Dataset excerpt:
=== Section Start ===
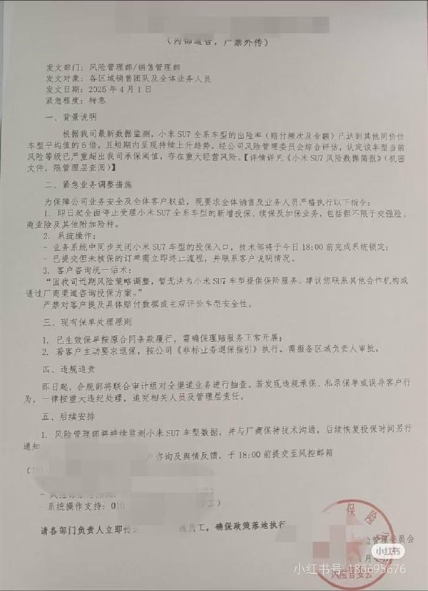 目前SU7车型的投保服务平稳正常,网传信息严重失实;此外,“SU7出险率同价位车型数倍”的谣言,同样毫无事实依据。
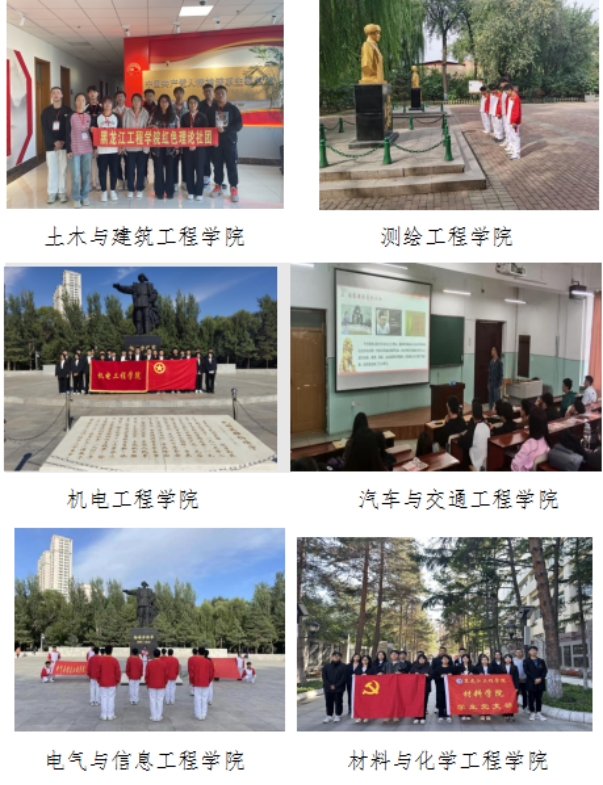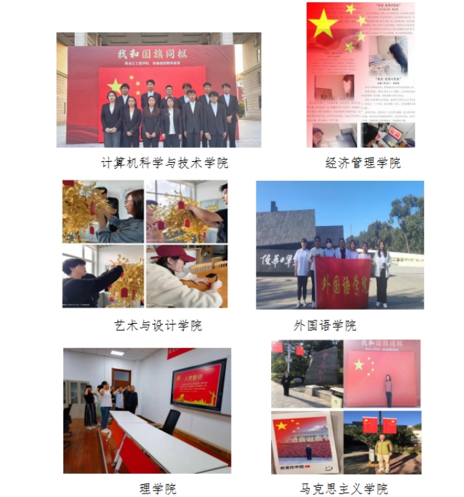 为营造热烈喜庆、安定祥和的节日氛围,各二级党组织也开展了主题鲜明、内容丰富的庆祝活动,吸引了师生的广泛参与,让大家度过一个平安、快乐、祥和的节日。土木与建筑工程学院党委开展了“花好月圆”庆中秋、“忆国庆往事 望百年征程”朗诵、“缅怀先烈迎国庆 坚定初心跟党走”参观东北烈士纪念馆、“我与国旗合影”、参观中国共产党人精神谱系主题教室等活动,引导学生沉浸式体验中华优秀传统文化,进一步厚植爱国情怀、传承红色基因,增强了学生的民族自信心与自豪感;测绘工程学院党委开展了“迎祖国74华诞 测绘学子献礼”我与国旗合影活动、“致敬革命英烈 庆祝祖国华诞”志愿实践服务活动、师生集体观影活动等,进一步加强学生爱国主义、集体主义、社会主义思想教育,引导青年学生听党话、跟党走;机电工程学院党委举行了“铭记历史 勿忘血泪”爱国主义教育主题团日活动、“强国有我——我与国旗合个影”爱国主义教育活动,通过一系列活动不断深化爱国主义教育,进一步坚定了青年学生永远跟党走的决心;汽车与交通工程学院党委策划了主题鲜明、形式新颖的快闪活动,开展了“我和国旗合张影”、秋季学期国防教育主题班会、“以史为鉴 振兴中华 ”参观东北烈士纪念馆和东北抗联博物馆等宣传教育主题活动,缅怀革命先烈的英勇事迹和崇高精神,体会今日幸福生活的来之不易;电气与信息工程学院党委举行了“烈士纪念日”致敬英烈活动,组织学生党员、学生团员代表来到杨靖宇烈士纪念碑前,重温入党入团誓词、缅怀革命先烈英勇事迹,铭记烈士功绩,弘扬革命精神,传承红色基因,赓续红色血脉;材料与化学工程学院党总支组织开展“我的中国”诗词诵读、组织师生收看烈士纪念日向人民英雄敬献花篮仪式、“我和国旗合个影”、传承红色基因主题纪念日等丰富多彩的主题教育活动,引导广大师生抒发爱国情怀,凝聚奋进力量;计算机科学与技术学院党总支组织召开“从我做起 振兴中华”主题班会、参观红色展馆、“我与国旗合影”等活动。在活动过程中,同学们齐唱国歌,将爱国热情融入到歌声中,以自己的方式向祖国告白,为国庆献礼;经济管理学院党委以支部为单位开展了“我和我的祖国”主题党日、“我与国旗同框 与祖国同心”、线上观看升旗仪式、学习习近平总书记在庆祝中华人民共和国成立74周年招待会上的重要讲话精神、“祖国,我想对你说”主题党日、“情暖中秋节,共祝祖国好”等活动,对师生进行了一次良好的爱国主义教育,激发了师生党员的爱国热情,凝聚起奋进新征程的合力;艺术与设计学院党总支举办了“喜迎中秋欢度国庆 祈愿家国平安”活动、“踔厉奋发强国防 勇毅前行向复兴”爱国主义国防教育主题党日活动、“我和我的祖国”随手拍活动。引导学生强化国防观念和忧患意识,为全面建设社会主义现代化国家、全面推进中华民族伟大复兴而奋斗;外国语学院党总支开展了“知史爱党、知史爱国、自信自强——参观侵华日军第七三一部队罪证遗址”主题实践活动“与国旗同框”活动,组织学生代表集中观看亚运会赛事等,激励和动员广大师生为实现中华民族的伟大复兴而努力奋斗;理学院党总支组织党员开展了“缅怀革命先烈 重温入党誓词”主题党日活动。通过此次主题党日活动,教师党员们更加深刻地认识到自身的责任和使命,表示要以更加饱满的热情投入到工作中去,积极落实立德树人根本任务;人文与社会科学学院党总支组织学生观看爱国教育主题电影、召开爱国主义教育主题班会,通过观影和主题班会,引导青年学生树立远大理想、热爱伟大祖国、担当时代责任,增强了学生对国家的认同感和自豪感。马克思主义学院党总支组织教师开展了“我与国旗合个影”活动,全体教师纷纷用自己独特的方式与国旗同框留念,表达对祖国的美好祝福,抒发浓浓的爱国情怀和对祖国崇高敬意工程训练中心直属党支部“我和我的祖国”为主题,组织党员创作书法和绘画作品,开展国庆“随手拍”,表达对祖国生日的美好祝福。
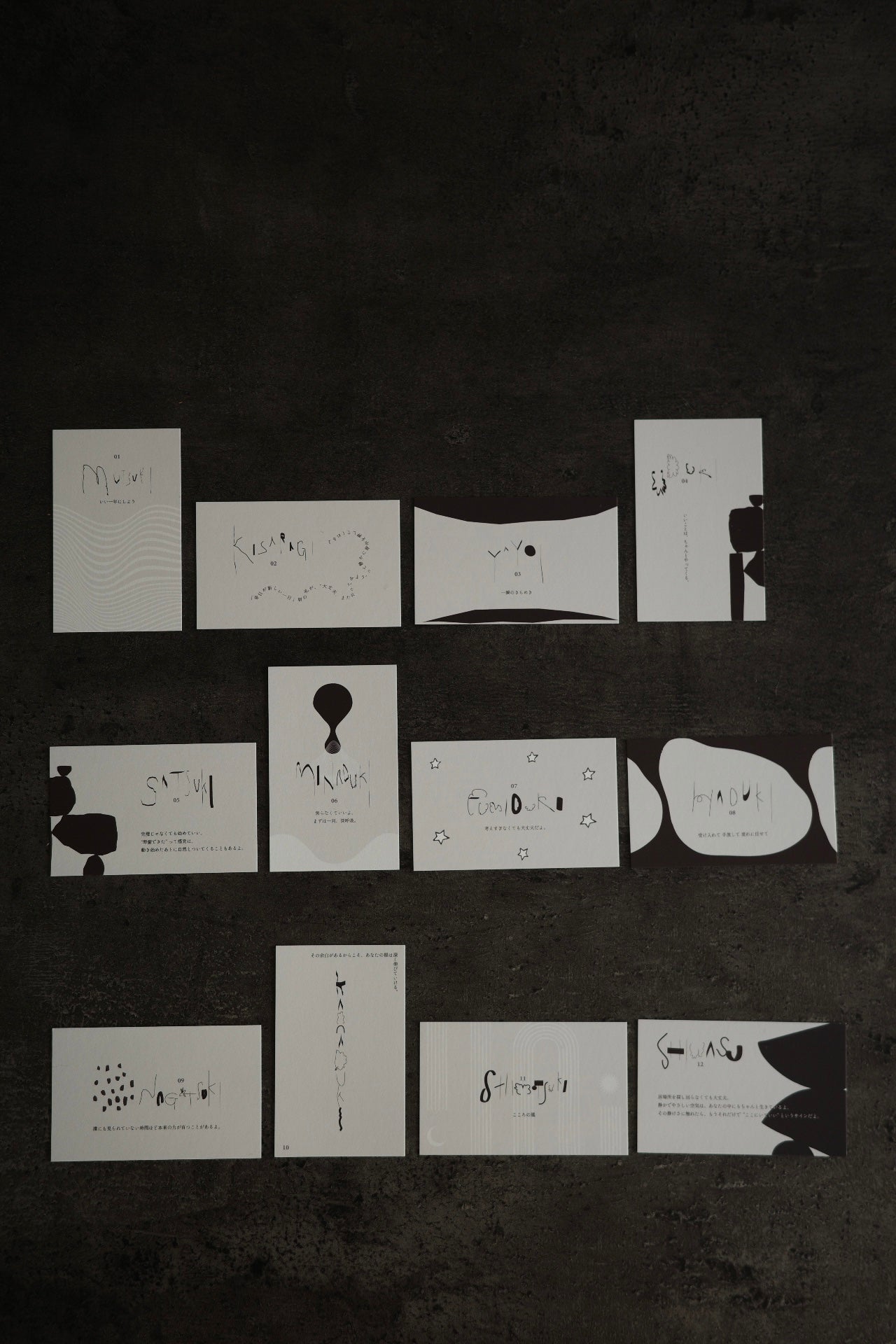 目には見えない変化までも繊細に感じ取って名付けられた和風月名をモチーフにしたグラフィックカード。毎月そっと背中を支えてくれたり押してくれるような応援メッセージ付き♡
=== Section End ===
Work request:
Give the data above back unchanged, except for the pictures.

Written answer:
 目前SU7车型的投保服务平稳正常,网传信息严重失实;此外,“SU7出险率同价位车型数倍”的谣言,同样毫无事实依据。
 为营造热烈喜庆、安定祥和的节日氛围,各二级党组织也开展了主题鲜明、内容丰富的庆祝活动,吸引了师生的广泛参与,让大家度过一个平安、快乐、祥和的节日。土木与建筑工程学院党委开展了“花好月圆”庆中秋、“忆国庆往事 望百年征程”朗诵、“缅怀先烈迎国庆 坚定初心跟党走”参观东北烈士纪念馆、“我与国旗合影”、参观中国共产党人精神谱系主题教室等活动,引导学生沉浸式体验中华优秀传统文化,进一步厚植爱国情怀、传承红色基因,增强了学生的民族自信心与自豪感;测绘工程学院党委开展了“迎祖国74华诞 测绘学子献礼”我与国旗合影活动、“致敬革命英烈 庆祝祖国华诞”志愿实践服务活动、师生集体观影活动等,进一步加强学生爱国主义、集体主义、社会主义思想教育,引导青年学生听党话、跟党走;机电工程学院党委举行了“铭记历史 勿忘血泪”爱国主义教育主题团日活动、“强国有我——我与国旗合个影”爱国主义教育活动,通过一系列活动不断深化爱国主义教育,进一步坚定了青年学生永远跟党走的决心;汽车与交通工程学院党委策划了主题鲜明、形式新颖的快闪活动,开展了“我和国旗合张影”、秋季学期国防教育主题班会、“以史为鉴 振兴中华 ”参观东北烈士纪念馆和东北抗联博物馆等宣传教育主题活动,缅怀革命先烈的英勇事迹和崇高精神,体会今日幸福生活的来之不易;电气与信息工程学院党委举行了“烈士纪念日”致敬英烈活动,组织学生党员、学生团员代表来到杨靖宇烈士纪念碑前,重温入党入团誓词、缅怀革命先烈英勇事迹,铭记烈士功绩,弘扬革命精神,传承红色基因,赓续红色血脉;材料与化学工程学院党总支组织开展“我的中国”诗词诵读、组织师生收看烈士纪念日向人民英雄敬献花篮仪式、“我和国旗合个影”、传承红色基因主题纪念日等丰富多彩的主题教育活动,引导广大师生抒发爱国情怀,凝聚奋进力量;计算机科学与技术学院党总支组织召开“从我做起 振兴中华”主题班会、参观红色展馆、“我与国旗合影”等活动。在活动过程中,同学们齐唱国歌,将爱国热情融入到歌声中,以自己的方式向祖国告白,为国庆献礼;经济管理学院党委以支部为单位开展了“我和我的祖国”主题党日、“我与国旗同框 与祖国同心”、线上观看升旗仪式、学习习近平总书记在庆祝中华人民共和国成立74周年招待会上的重要讲话精神、“祖国,我想对你说”主题党日、“情暖中秋节,共祝祖国好”等活动,对师生进行了一次良好的爱国主义教育,激发了师生党员的爱国热情,凝聚起奋进新征程的合力;艺术与设计学院党总支举办了“喜迎中秋欢度国庆 祈愿家国平安”活动、“踔厉奋发强国防 勇毅前行向复兴”爱国主义国防教育主题党日活动、“我和我的祖国”随手拍活动。引导学生强化国防观念和忧患意识,为全面建设社会主义现代化国家、全面推进中华民族伟大复兴而奋斗;外国语学院党总支开展了“知史爱党、知史爱国、自信自强——参观侵华日军第七三一部队罪证遗址”主题实践活动“与国旗同框”活动,组织学生代表集中观看亚运会赛事等,激励和动员广大师生为实现中华民族的伟大复兴而努力奋斗;理学院党总支组织党员开展了“缅怀革命先烈 重温入党誓词”主题党日活动。通过此次主题党日活动,教师党员们更加深刻地认识到自身的责任和使命,表示要以更加饱满的热情投入到工作中去,积极落实立德树人根本任务;人文与社会科学学院党总支组织学生观看爱国教育主题电影、召开爱国主义教育主题班会,通过观影和主题班会,引导青年学生树立远大理想、热爱伟大祖国、担当时代责任,增强了学生对国家的认同感和自豪感。马克思主义学院党总支组织教师开展了“我与国旗合个影”活动,全体教师纷纷用自己独特的方式与国旗同框留念,表达对祖国的美好祝福,抒发浓浓的爱国情怀和对祖国崇高敬意工程训练中心直属党支部“我和我的祖国”为主题,组织党员创作书法和绘画作品,开展国庆“随手拍”,表达对祖国生日的美好祝福。
 目には見えない変化までも繊細に感じ取って名付けられた和風月名をモチーフにしたグラフィックカード。毎月そっと背中を支えてくれたり押してくれるような応援メッセージ付き♡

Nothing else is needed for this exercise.